When it comes to the science, the producers are meticulous, says biographer Maier. For an episode about clitoral orgasms–which Freud deemed “adolescent” compared with vaginal orgasms–the writing team sat with a series of diagrams, trying to understand where the nerve endings of the clitoris start and end. “It was hilarious,” says Ashford. “All of us writers gathered around this drawing, going, ‘Really, that’s how it works?'”

Which is perhaps really what it all comes down to. Half a century after Masters and Johnson first made headlines, we are a culture saturated with sex–and yet many of us are still clueless about its mechanics. “Last year, a guy on the show’s wife still thought she peed out of her clitoris,” says Ashford. “This was an actual writer. On the show. In 2013.”

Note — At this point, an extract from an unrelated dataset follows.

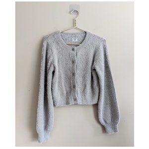Soft and cozy fuzzy cardigan. Button-up front. Long sleeves. Perfect for layering.

Ashford looks at her colleagues, a photo of the real-life Masters and Johnson propped against a wall behind them. “I’ve never talked to my doctor about sex. And I have a female doctor,” says Lippman. “I mean, she’s said, ‘What do you do for birth control?’ But there’s no talk about sex. And there’s no conversation about pleasure, ever.” She pauses. “I’d never encountered a show where sex was only like a bodily function.”

It’s a new way of looking at sex–and you might just learn something in the process.